[Exercise prompt]
Type out the lines below exactly, from the first through the line holding "TRAS MIL CALAMIDADES", and include no pictures.

(Entries taken from a collection)
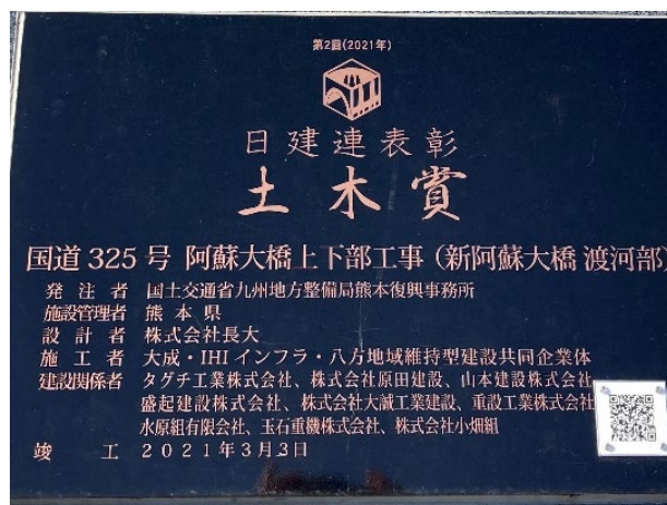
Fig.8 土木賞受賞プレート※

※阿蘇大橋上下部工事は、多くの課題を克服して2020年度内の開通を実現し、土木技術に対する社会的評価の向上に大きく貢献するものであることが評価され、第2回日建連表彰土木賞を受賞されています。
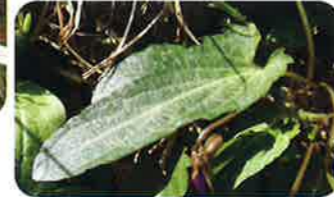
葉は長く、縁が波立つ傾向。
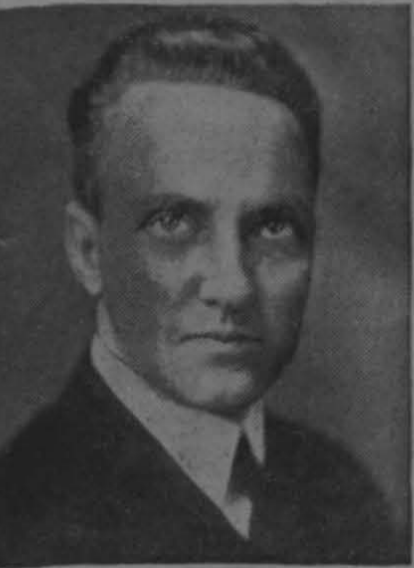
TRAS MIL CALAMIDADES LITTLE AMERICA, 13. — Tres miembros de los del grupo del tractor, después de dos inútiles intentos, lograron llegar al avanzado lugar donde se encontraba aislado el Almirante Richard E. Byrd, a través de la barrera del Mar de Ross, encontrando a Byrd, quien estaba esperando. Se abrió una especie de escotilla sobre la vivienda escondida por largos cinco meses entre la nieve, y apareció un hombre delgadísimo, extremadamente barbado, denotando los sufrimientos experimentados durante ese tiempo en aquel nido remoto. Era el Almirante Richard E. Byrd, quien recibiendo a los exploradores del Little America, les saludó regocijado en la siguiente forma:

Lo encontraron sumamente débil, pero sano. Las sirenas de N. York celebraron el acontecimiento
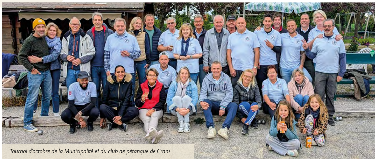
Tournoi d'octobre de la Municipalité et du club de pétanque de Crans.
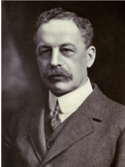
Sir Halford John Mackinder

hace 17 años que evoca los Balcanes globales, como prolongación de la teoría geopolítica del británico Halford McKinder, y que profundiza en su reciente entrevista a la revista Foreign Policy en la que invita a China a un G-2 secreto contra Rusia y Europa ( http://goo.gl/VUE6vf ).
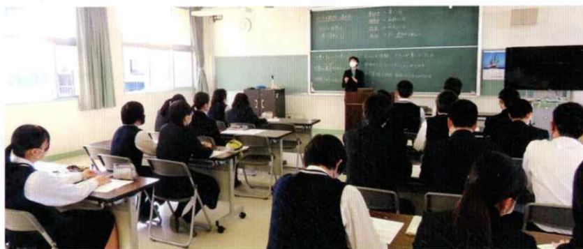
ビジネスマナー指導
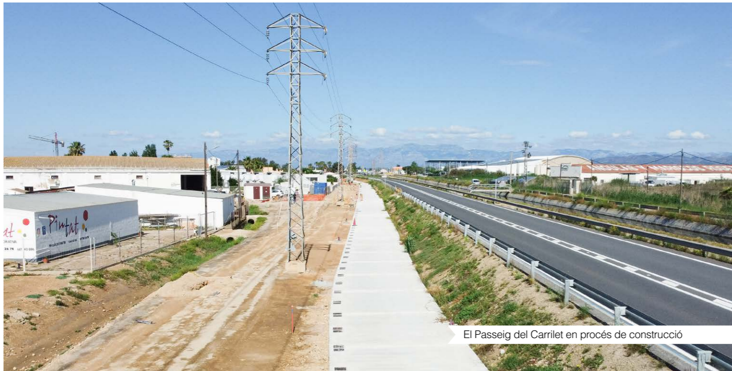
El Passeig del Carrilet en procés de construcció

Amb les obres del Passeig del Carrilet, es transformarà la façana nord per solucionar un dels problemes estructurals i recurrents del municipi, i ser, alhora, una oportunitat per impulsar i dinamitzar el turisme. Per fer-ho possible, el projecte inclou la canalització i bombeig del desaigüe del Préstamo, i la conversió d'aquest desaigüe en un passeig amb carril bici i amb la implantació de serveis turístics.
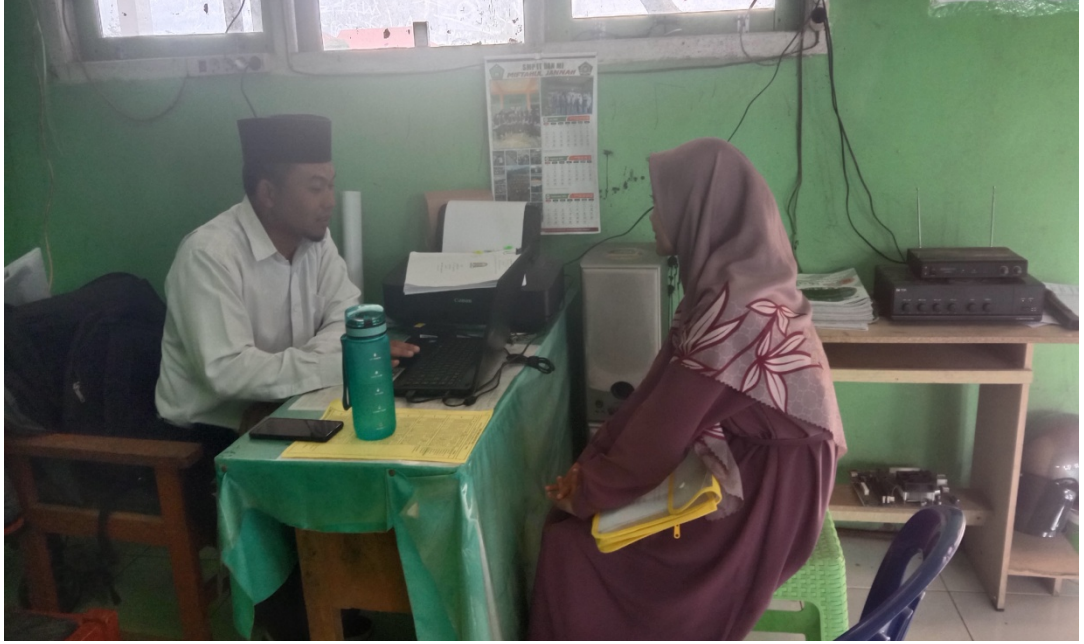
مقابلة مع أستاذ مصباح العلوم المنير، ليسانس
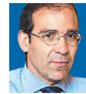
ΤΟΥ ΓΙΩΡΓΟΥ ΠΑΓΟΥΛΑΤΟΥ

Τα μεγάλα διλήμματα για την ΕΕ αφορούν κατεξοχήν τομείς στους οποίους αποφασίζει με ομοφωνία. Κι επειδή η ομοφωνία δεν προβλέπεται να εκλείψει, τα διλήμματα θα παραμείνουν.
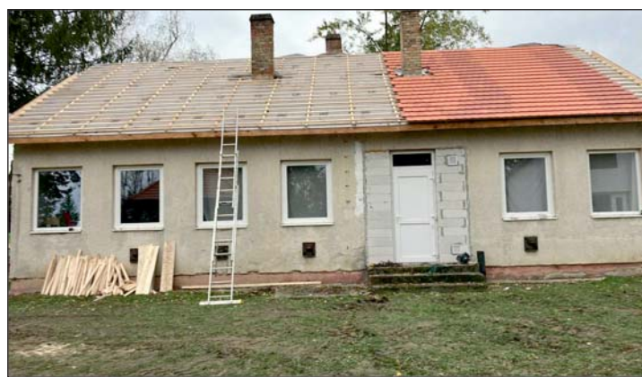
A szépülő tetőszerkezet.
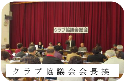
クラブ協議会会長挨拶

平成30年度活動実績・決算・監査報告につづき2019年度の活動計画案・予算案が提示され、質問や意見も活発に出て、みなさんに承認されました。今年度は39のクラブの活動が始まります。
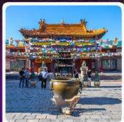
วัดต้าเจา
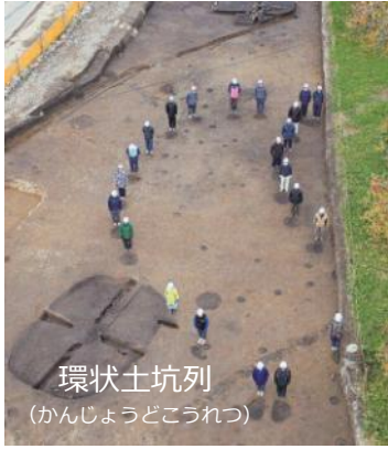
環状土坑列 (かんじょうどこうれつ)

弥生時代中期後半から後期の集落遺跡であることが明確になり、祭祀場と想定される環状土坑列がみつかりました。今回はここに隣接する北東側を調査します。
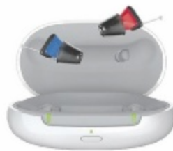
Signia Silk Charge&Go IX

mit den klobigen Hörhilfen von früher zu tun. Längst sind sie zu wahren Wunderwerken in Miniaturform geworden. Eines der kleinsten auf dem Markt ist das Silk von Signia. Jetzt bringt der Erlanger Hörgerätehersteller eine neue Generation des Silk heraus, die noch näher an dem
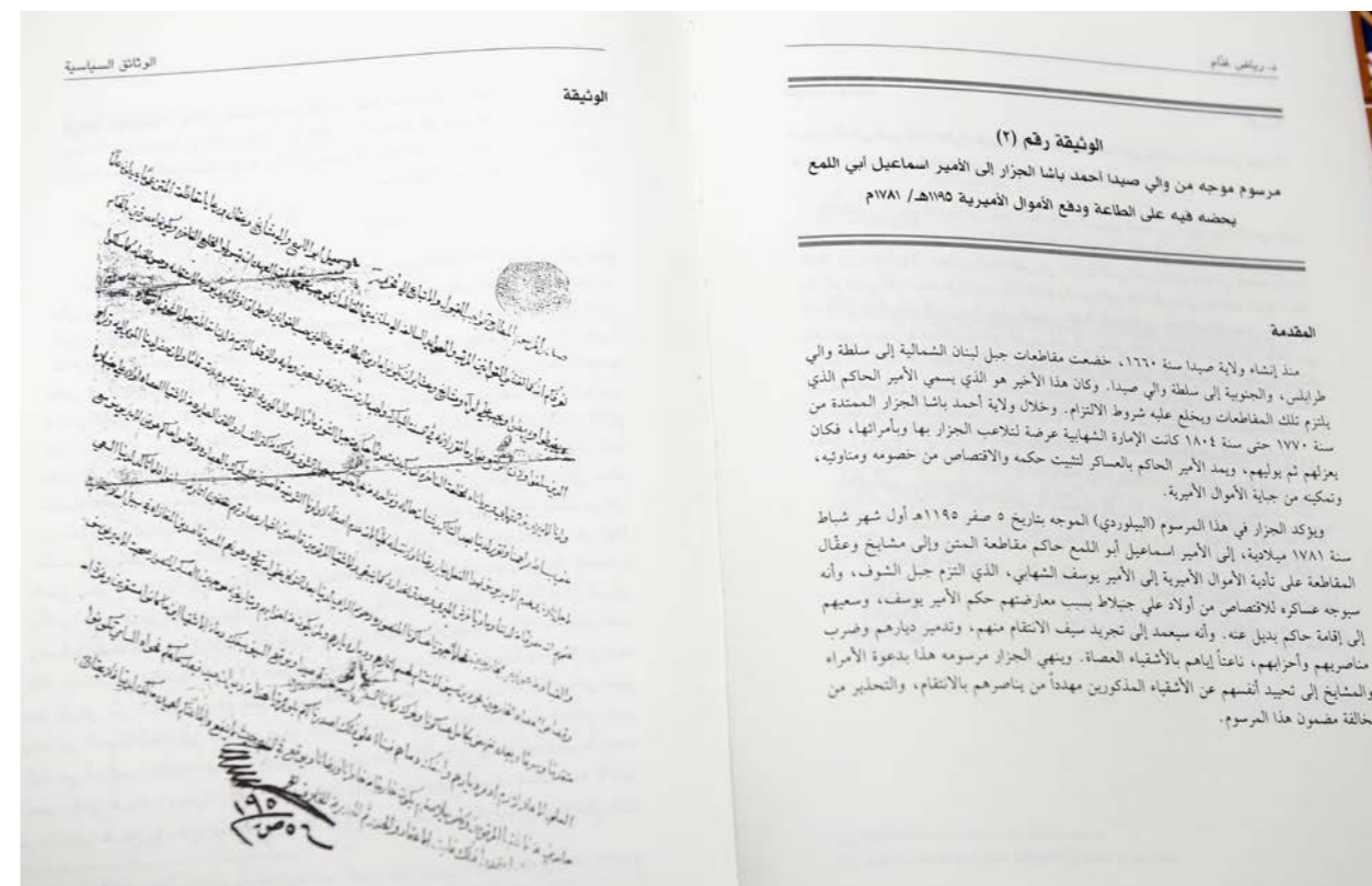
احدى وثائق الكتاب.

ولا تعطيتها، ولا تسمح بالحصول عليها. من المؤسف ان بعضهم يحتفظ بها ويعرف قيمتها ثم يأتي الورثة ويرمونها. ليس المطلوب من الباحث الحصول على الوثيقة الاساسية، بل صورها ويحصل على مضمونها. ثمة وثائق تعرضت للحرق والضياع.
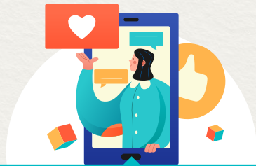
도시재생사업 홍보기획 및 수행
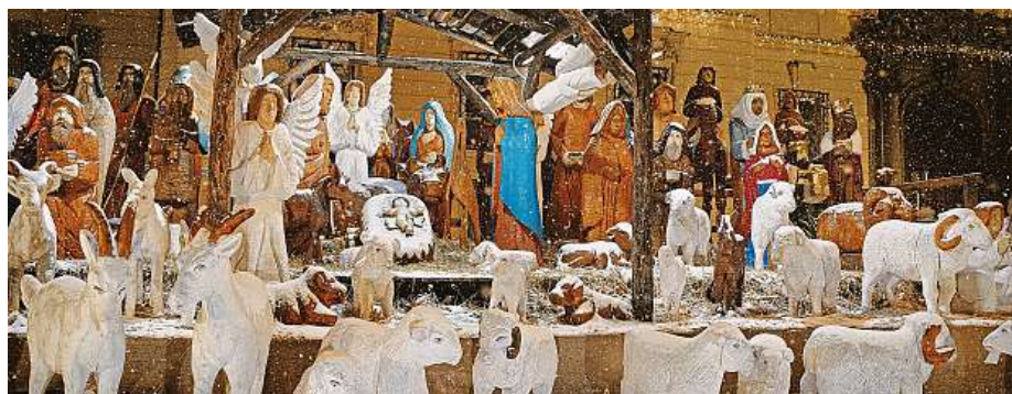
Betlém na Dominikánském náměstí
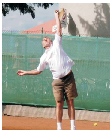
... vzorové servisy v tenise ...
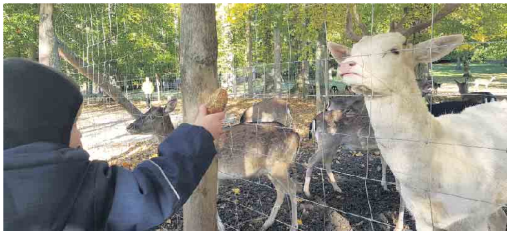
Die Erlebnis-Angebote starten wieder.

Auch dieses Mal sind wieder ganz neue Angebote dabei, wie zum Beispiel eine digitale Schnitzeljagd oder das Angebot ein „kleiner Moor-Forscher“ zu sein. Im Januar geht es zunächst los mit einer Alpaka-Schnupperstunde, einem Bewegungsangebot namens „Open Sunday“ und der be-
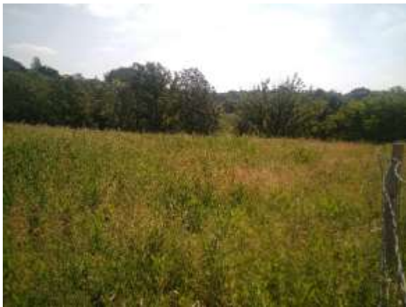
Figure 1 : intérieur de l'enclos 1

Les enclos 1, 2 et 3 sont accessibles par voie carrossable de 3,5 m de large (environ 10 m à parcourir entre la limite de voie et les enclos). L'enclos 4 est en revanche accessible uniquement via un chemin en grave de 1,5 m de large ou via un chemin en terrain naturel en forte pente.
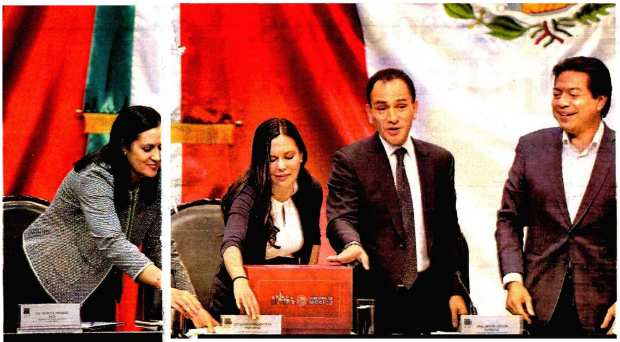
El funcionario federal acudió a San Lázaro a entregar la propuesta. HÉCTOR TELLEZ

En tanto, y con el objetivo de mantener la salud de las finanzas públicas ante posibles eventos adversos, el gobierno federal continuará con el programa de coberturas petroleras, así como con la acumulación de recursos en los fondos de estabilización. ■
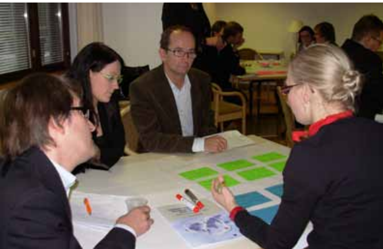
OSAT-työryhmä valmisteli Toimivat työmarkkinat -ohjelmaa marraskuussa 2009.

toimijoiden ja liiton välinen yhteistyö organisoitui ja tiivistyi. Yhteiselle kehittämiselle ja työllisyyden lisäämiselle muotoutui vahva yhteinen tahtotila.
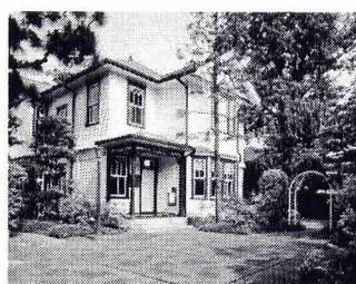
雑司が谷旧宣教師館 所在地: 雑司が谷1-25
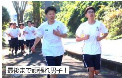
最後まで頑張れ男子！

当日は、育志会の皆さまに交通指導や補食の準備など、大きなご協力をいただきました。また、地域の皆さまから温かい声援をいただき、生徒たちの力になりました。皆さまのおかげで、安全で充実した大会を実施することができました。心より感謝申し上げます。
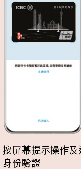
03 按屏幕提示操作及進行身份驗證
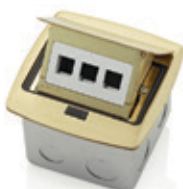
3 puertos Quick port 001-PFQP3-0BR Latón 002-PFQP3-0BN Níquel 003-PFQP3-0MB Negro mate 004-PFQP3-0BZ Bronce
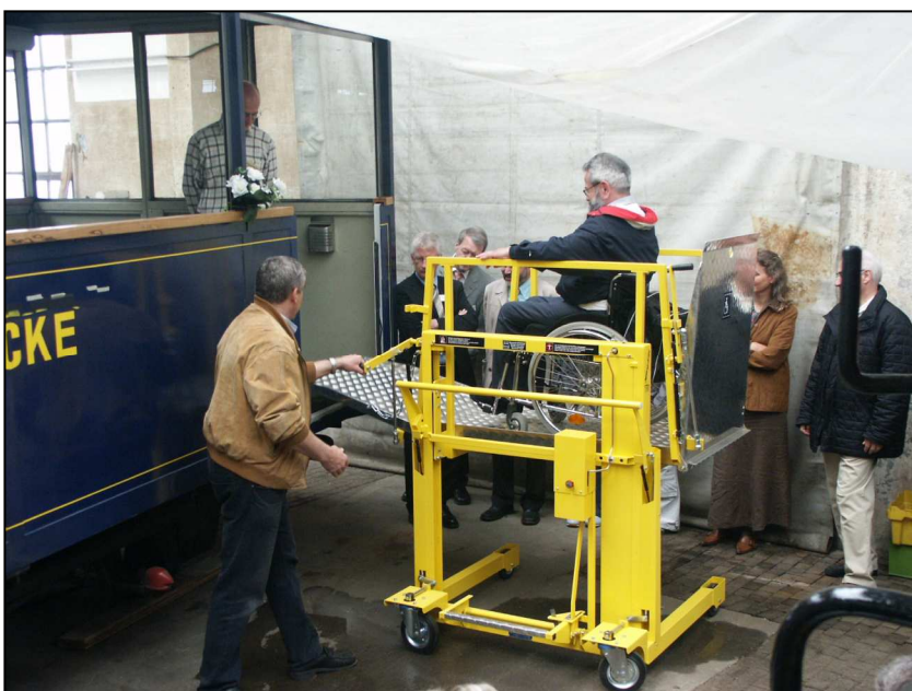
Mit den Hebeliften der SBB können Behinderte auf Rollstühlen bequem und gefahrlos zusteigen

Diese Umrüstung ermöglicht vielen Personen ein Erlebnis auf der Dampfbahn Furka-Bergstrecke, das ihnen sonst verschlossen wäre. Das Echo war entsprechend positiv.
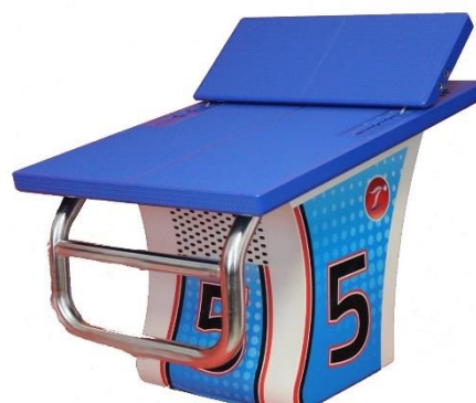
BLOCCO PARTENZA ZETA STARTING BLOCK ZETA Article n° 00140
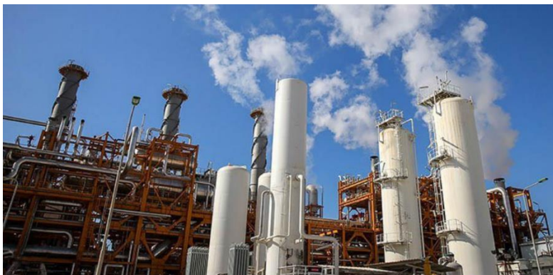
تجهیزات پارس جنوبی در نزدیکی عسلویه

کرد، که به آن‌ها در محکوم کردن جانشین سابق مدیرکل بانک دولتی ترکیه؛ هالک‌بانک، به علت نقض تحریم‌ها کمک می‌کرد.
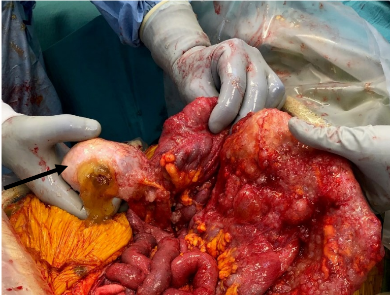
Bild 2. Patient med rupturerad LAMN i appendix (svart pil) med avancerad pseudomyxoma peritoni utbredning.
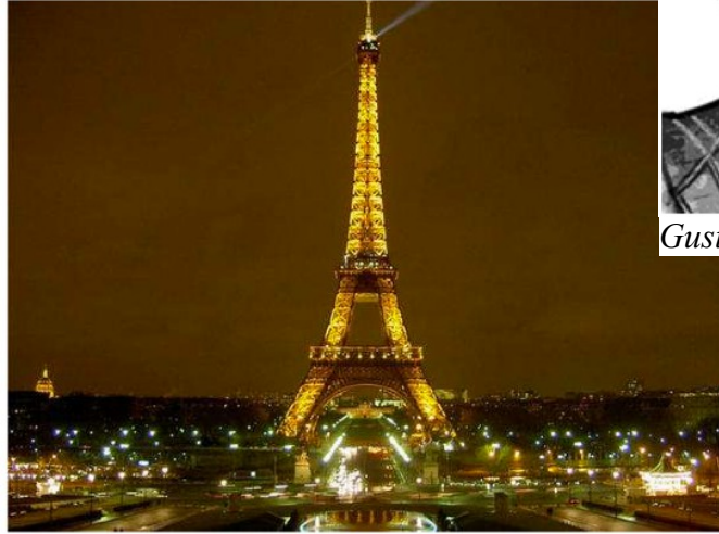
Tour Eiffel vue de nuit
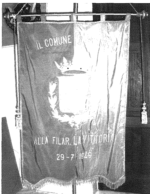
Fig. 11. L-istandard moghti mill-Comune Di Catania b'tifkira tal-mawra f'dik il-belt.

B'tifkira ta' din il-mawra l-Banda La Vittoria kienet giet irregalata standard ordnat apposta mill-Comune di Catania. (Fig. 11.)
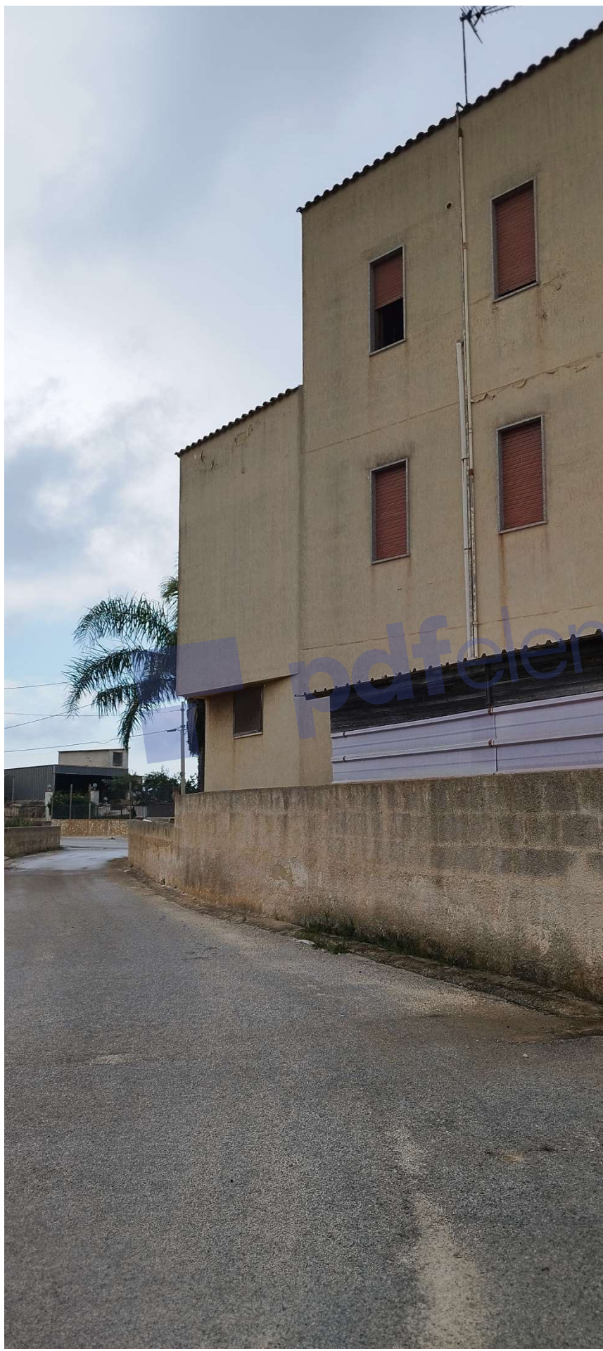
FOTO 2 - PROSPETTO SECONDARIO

[Output of the exercise]
Fig.8 土木賞受賞プレート※

※阿蘇大橋上下部工事は、多くの課題を克服して2020年度内の開通を実現し、土木技術に対する社会的評価の向上に大きく貢献するものであることが評価され、第2回日建連表彰土木賞を受賞されています。
葉は長く、縁が波立つ傾向。
TRAS MIL CALAMIDADES LITTLE AMERICA, 13. — Tres miembros de los del grupo del tractor, después de dos inútiles intentos, lograron llegar al avanzado lugar donde se encontraba aislado el Almirante Richard E. Byrd, a través de la barrera del Mar de Ross, encontrando a Byrd, quien estaba esperando. Se abrió una especie de escotilla sobre la vivienda escondida por largos cinco meses entre la nieve, y apareció un hombre delgadísimo, extremadamente barbado, denotando los sufrimientos experimentados durante ese tiempo en aquel nido remoto. Era el Almirante Richard E. Byrd, quien recibiendo a los exploradores del Little America, les saludó regocijado en la siguiente forma:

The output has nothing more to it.